Soccer Cleats and Green Grass

 

I press my face harder and harder against the suede cushions of my couch. For a second I forget how to exist. The harder I push the darker it gets. I need to keep pushing though. I need to find out how to let go. She is gone. She was there, and now she is not.

An endearing laugh echoes in my head as I replay my last memory of her. I am trying to impress her with my soccer skills as I move the ball up field. My goofy attempts at foot and eye coordination bring her a smile, and I can’t help but feel acceptance and warmth.

10 years later, a memory of a small scrimmage iconifies soccer cleats and green grass.

It is Halloween night 2005, and I am thinking about the previous morning.

The air was thin and the grass on the school courtyard was firm. Before my hand even reached the front door of the school, a face turned to me and said, “Did you hear about Taylor?” I turned my head anticipating to hear middle school gossip, but instead heard the most obtrusive combination of words.

“She died.”

The comment blindsided me. It felt like someone was trying to shove spam into a gogurt. The thought of death mixing with my reality was abhorrent, and I immediately rejected it. Once I saw the sincerity of his words, the chatter in the halls faded to white noise. I watched him hurry off to class as the bell rang. Unfazed by the morning rush, I stood shell shocked.
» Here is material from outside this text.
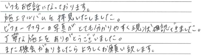 「いつもお世話になっております。施工アルバムを拝見いたしました。ビフォーアフターの写真がとても分かりやすく現状確認できました。丁寧な施工をありがとうございました。また機会がありましたらよろしくお願い致します。」
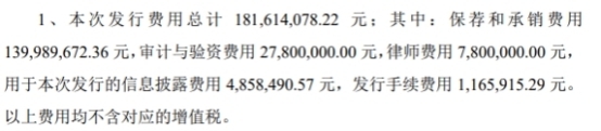 晶科科技發(fā)行費(fèi)用總額為1.82億元,其中,保薦和承銷費(fèi)用1.40億元。

My 8th grade English homework is lying abandoned on the dining table. I have spent the past few hours trying to make sense of her mortality. Her personality embodied such boldness that it seems impossible to think it disappeared. As a 13 year old philosopher, I confidently set out to solve the problem. I go back and forth between proofs; a series of “ifs”, “therefore’s” and diagrams. As time presses on, my frustration and grief increase.

With my adolescent head still buried in the couch, my mind scrambles to find answers. It is as if I have been confronted with a test question that I was not prepared for. I nervously play with a number two pencil as my mind sprints to find an answer. I’m not sure if my attempts to solve humanities deepest questions are courageously optimistic, or arrogantly hubris. Confronted with the limitations of an adolescent mind, I make a rash decision.
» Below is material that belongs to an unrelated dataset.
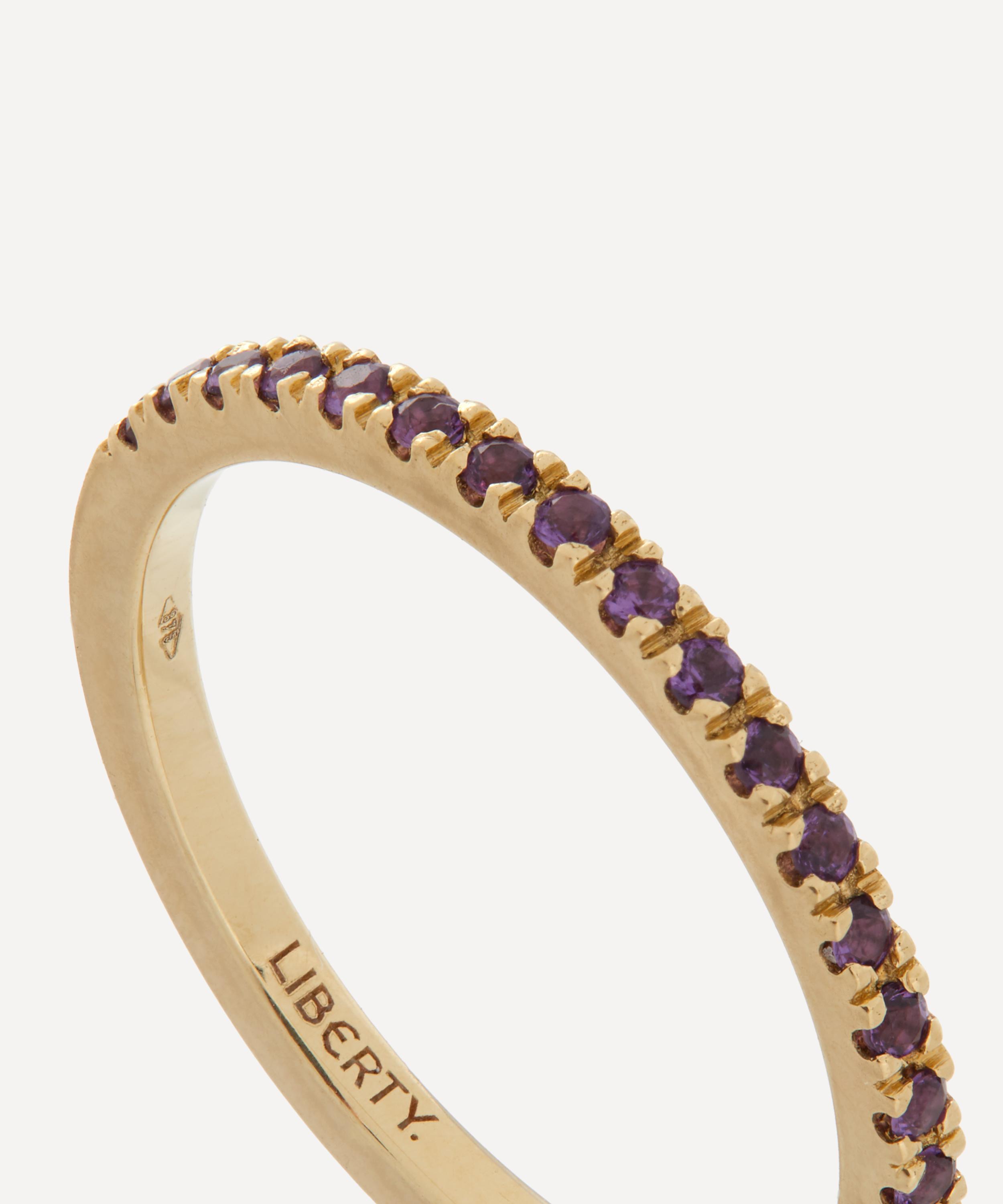Encrusted with lab-grown amethyst gemstones, this versatile ring features a high-polish finish and is engraved on the inside with our branded Liberty logo. Each ring is made in a small batch, crafted by hand in Italy – a modern heirloom that pays tribute to Liberty’s collector spirit.

I choose to settle with darkness. All my attempts to explain life after death and God leave me unsatisfied. Rather than live a life of doubt and disappointment, I choose to accept the worst case scenario:

There is nothing after.

My 80’s Sony Portable radio player is playing Knocking on Heaven’s Door by Bob Dylan. This black and silver rectangle sits symbolizing my adolescence; a period of Classic Rock, Harry Potter and stolen street signs. A timeless era unstained by the reality of death; a mischievous innocence.

Bob Dylan’s heaven is swinging off of my radio’s antenna.
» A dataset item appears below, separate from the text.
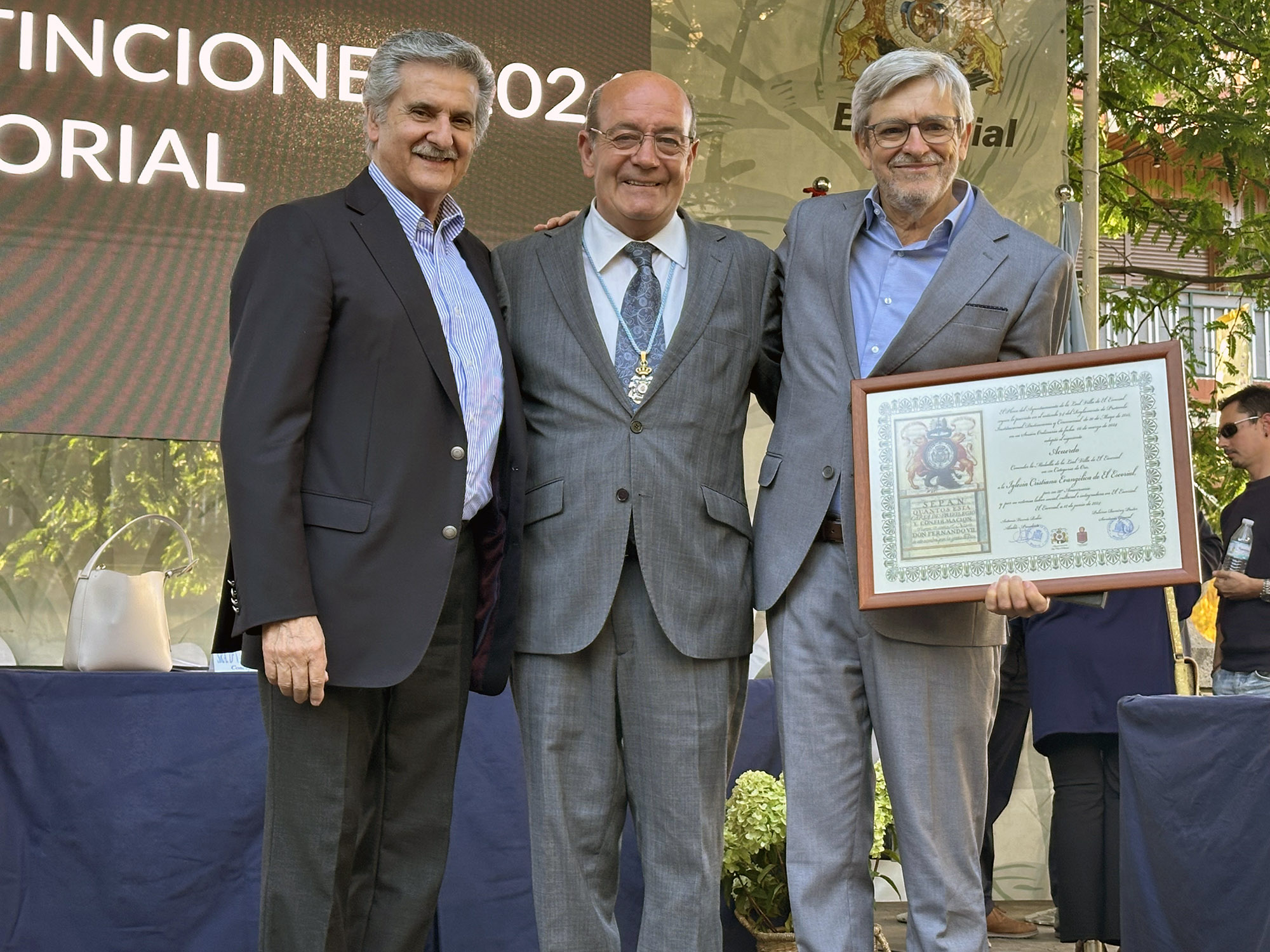 De izq. a der.: El evangelista Carlos Gómez; el alcalde de El Escorial, Antonio Vicente Rubio; y el pastor de la iglesia distinguida, Felipe Redondo

My eyes have been shut for so long, I forget that my face is buried in the couch. There is a moment of deafening silence as I stare into the recesses of my head. A warm breeze moves through my spine, and I can hear the darkness sway with the wind.

It sounds thin and artificial.

No longer intimidated by it, my chest swells with courage and I clinch my fists. I listen to the darkness move with the breeze, and remember that hope is tangible. It moves with the wind and whispers in the dark. The thought that there is something incredibly beautiful beyond that inconspicuous darkness inspires a different fear. I don’t want to miss out on beauty.

Like the plaster horizon of The Truman Show, the unknown holds the potential of true love and beaches in Fuji. My pride rails against the status quote, and I refuse to be deceived by flimsy darkness. In desperate protest, I abandon proofs and diagrams for faith.

What if “Enlightenment Thinking” is playing us for fools? It has developed a monopoly on truth by selling the peasants that came before it as blind sheep. Like a once famous naked emperor, The Enlightenment parades its reason through the streets by demeaning the vision of its subjects. In truth, its arrogance and pride blinds it from what a small child can so clearly see.

Uninhibited by the physical limitations of my mind, I stretch out my hand with the anticipation that beauty will stretch back.

It does.

It isn’t a warm fuzzy feeling in the pit of my stomach, and it isn’t a vivid vision or audible voice. I open my eyes and existence demands hope. I went from trying to explain the existence of a deity, to listening to God give cadence to existence. Faith is like listening to Jazz. It doesn’t need to make sense to enjoy it.

 

 

 

Taylor,

Whenever doubt creeps into the cracks of my mind, I visit your smile. Thank you for continually reminding me that there is beautiful hope.

With warm regards,

That lanky 8th grader that couldn’t steal the soccer ball from you.